▶ **REQUIRED ACTION**
Below are records with pictures. Transcribe exactly, and only, the lines from the line with "Le tee shirt" to the line with "반숙 계란후라이와 함박스테이크를 달달한 카레에 찍어먹는것도", both ends included, but not the pictures.
········
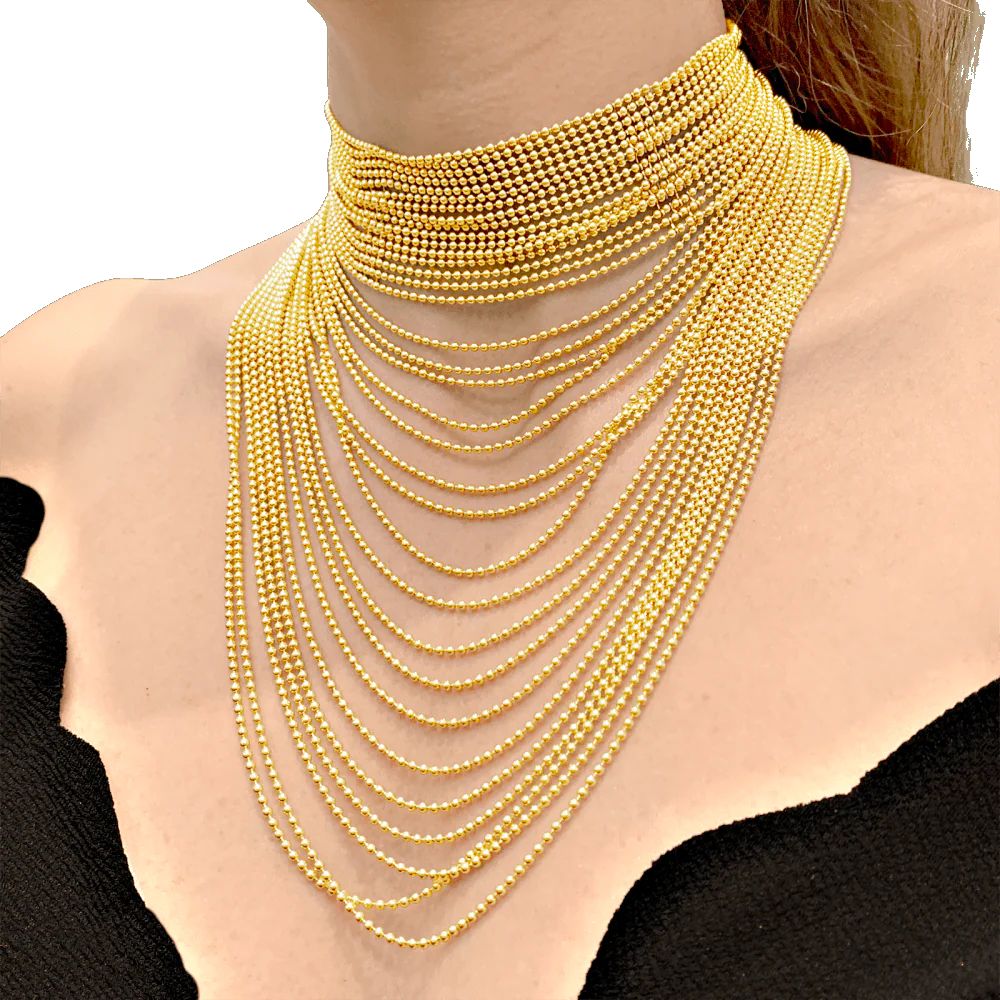 A necklace signed by the House of Cartier, "Draperie" collection, in 750/000 yellow gold composed of 34 rows of ball chain.
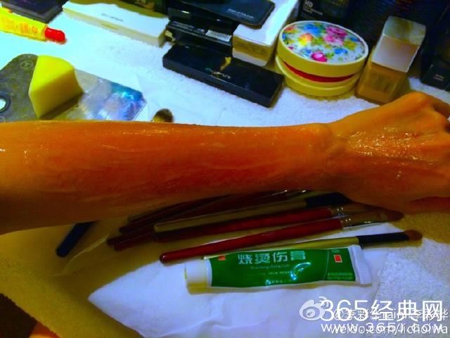 最心疼的就是李彩桦了,她就是《回家的诱惑》那个坏女二。在拍戏的时候被火灼伤,手臂一大片都是火红火红的。摸了烫伤膏之后,就是这个样子的。
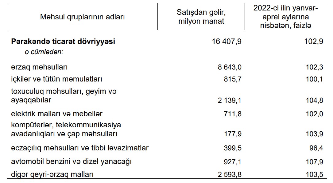Dövlət Statistika Komitəsinin yaydığı məlumata görə, 2022-ci ilin yanvar-aprel ayları ilə müqayisədə pərakəndə ticarət dövriyyəsi real ifadədə 2,9 faiz, o cümlədən ərzaq məhsulları, içkilər və tütün məmulatları üzrə 2,1 faiz, qeyri-ərzaq malları üzrə 4,0 faiz artmışdır.
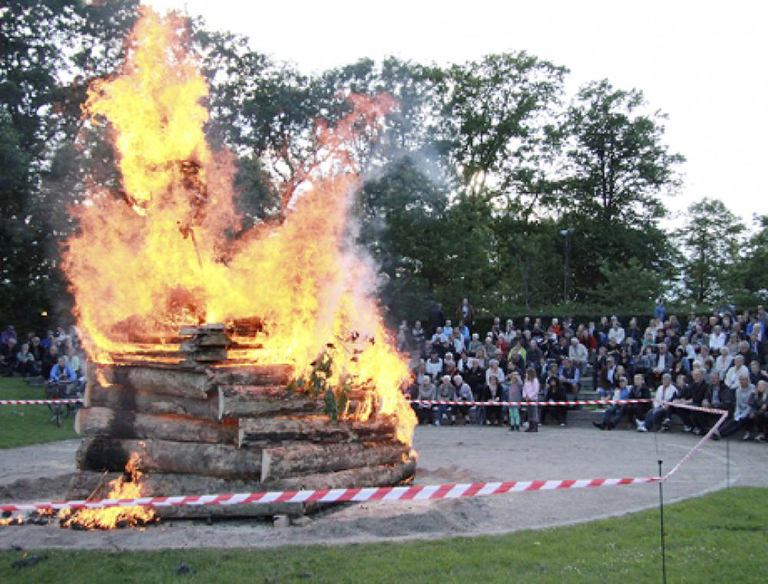 Kl. 19.30 tændes bålet, for at børnefamilierne også kan være med.
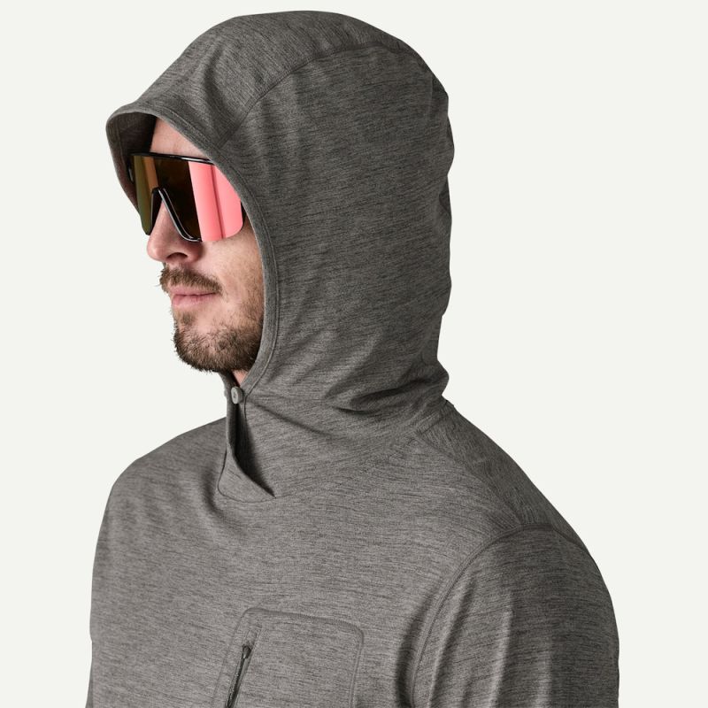 Le tee shirt Patagonia M's Capilene Cool Sun Hoody est doté d'une grande capuche à bouton conçue pour être portée sur une casquette et offrir une protection supplémentaire contre le soleil. Il est confectionné dans une matière légère à séchage rapide qui évacue efficacement la transpiration, avec intérieur texturé qui écarte le tissu de la peau pour une meilleure circulation de l’air.
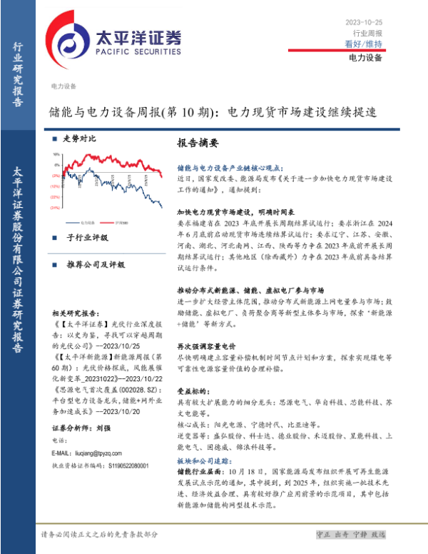 【太平洋证券】【20231025】储能与电力设备周报(第10期):电力现货市场建设继续提速-14页
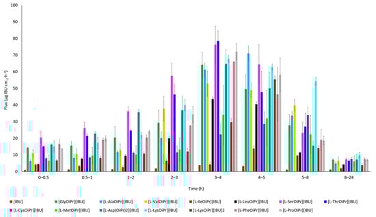 Ibuprofen and amino acid isopropyl ester ibuprofenates permeation profiles. Values are the means with standard deviation; n = 3.
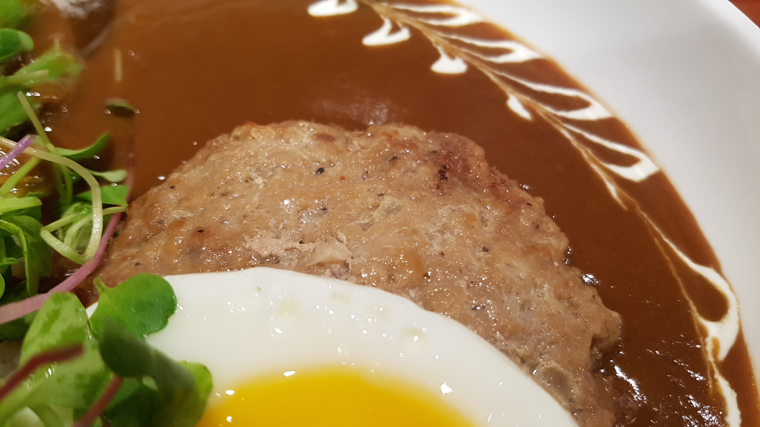 반숙 계란후라이와 함박스테이크를 달달한 카레에 찍어먹는것도
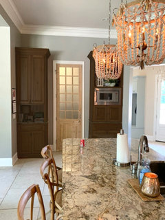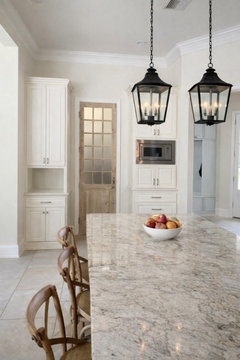 See how you can update a kitchen with new countertops, light fixtures, paint and hardware
········
▶ **REPLY**
 Le tee shirt Patagonia M's Capilene Cool Sun Hoody est doté d'une grande capuche à bouton conçue pour être portée sur une casquette et offrir une protection supplémentaire contre le soleil. Il est confectionné dans une matière légère à séchage rapide qui évacue efficacement la transpiration, avec intérieur texturé qui écarte le tissu de la peau pour une meilleure circulation de l’air.
 【太平洋证券】【20231025】储能与电力设备周报(第10期):电力现货市场建设继续提速-14页
 Ibuprofen and amino acid isopropyl ester ibuprofenates permeation profiles. Values are the means with standard deviation; n = 3.
 반숙 계란후라이와 함박스테이크를 달달한 카레에 찍어먹는것도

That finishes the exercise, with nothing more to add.